Mental Health Experts Warn Fantasy Football Players Not To Click “Draft Recap”

Nashville, TN – Local fantasy football player Isaiah Maxwell was reflecting on his 10th-place fantasy football finish Thursday when he decided to take the treacherous, grief-filled journey back to the “Draft Recap” page on his fantasy league’s website, sources say. Maxwell was “distraught, spiraling, and I think about to cry even” said his wife. “I heard a bunch of stuff get knocked over as he was yelling something about a guy named Allen Robinson or something? I probably go have to fix another punched hole in our drywall again. It’s the Le’Veon Bell situation all over again.”
Maxwell’s decision to go back and see what went wrong with his season led to a 35-minute mental health breakdown in his office as he looked through his own draft picks, the decisions he failed to correctly make as well as the ones that led his leaguemates to trounce him and make fun of him in their group chat for 17 consecutive weeks.
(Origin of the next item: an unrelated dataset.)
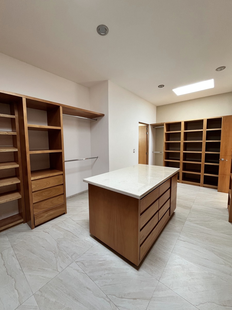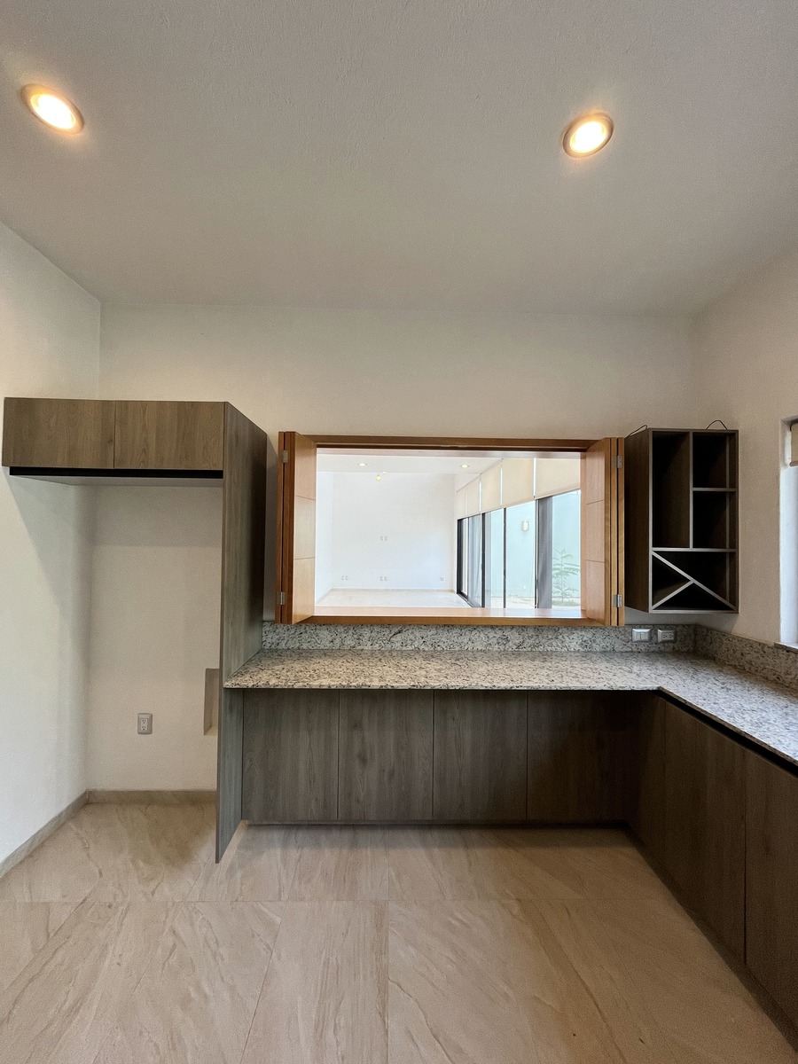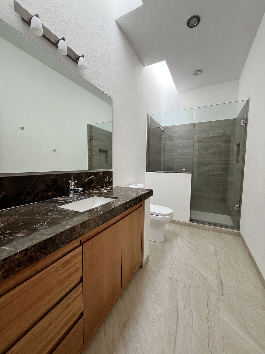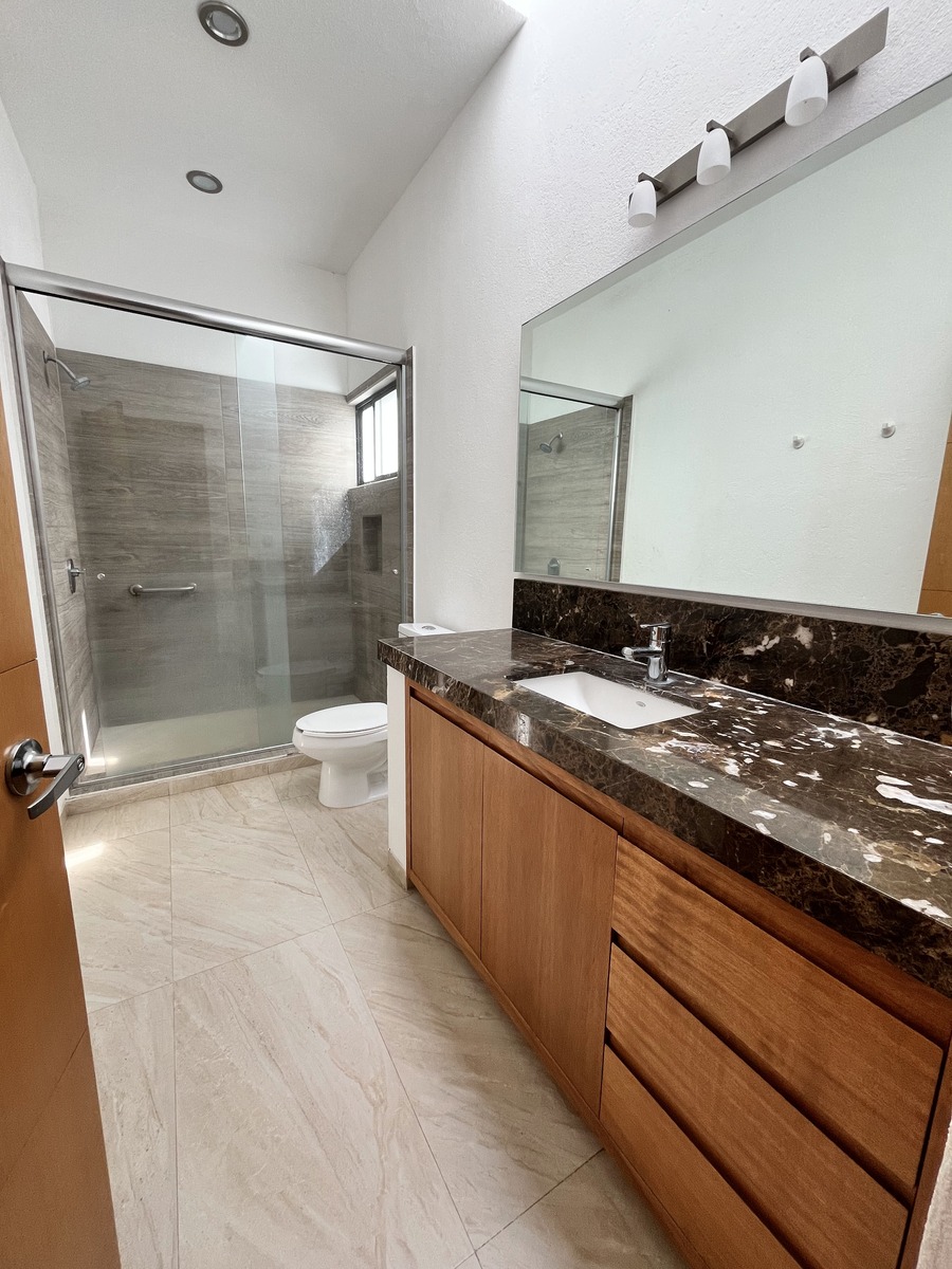 Acabados en madera, pisos porcelánicos de gran formato, recubrimientos de cantera en fachada, baños con cubiertas de granito y canceles de cristal templado.
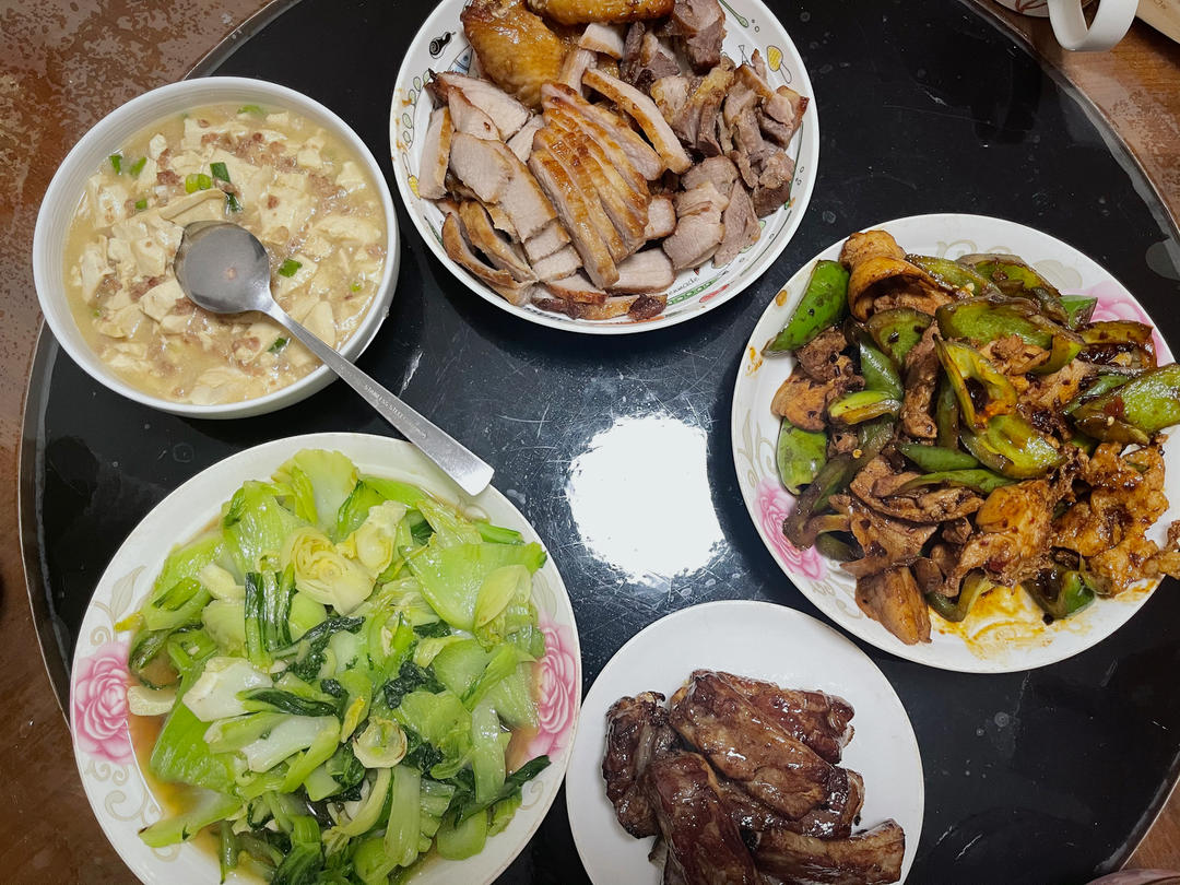 晚餐~我负责回锅肉、烧排骨…其他我妈做的,这样煮豆腐真的超级无敌好吃~今晚都是下饭菜 ……

Dr. Richard North, Director of Mental Health Studies at Vanderbilt University, spoke on the damaging effects of the Draft Recap screen. “There’s a 24% spike in counseling referrals following the conclusion of fantasy football season. We worked with Google this year and it showed the most common search result after “Draft Recap” was “surviving trauma” and “counselors near me.” North’s team of researchers have dedicated time every January to help fantasy players overcome what some players described to them as insurmountable levels of grief. “The pain appears to be unbearable to the subjects roughly 15-20 seconds after clicking Draft Recap on their fantasy apps and websites,” said North. “We urge every fantasy player to pick up a book, a second hobby, their children even, and NOT click Draft Recap.”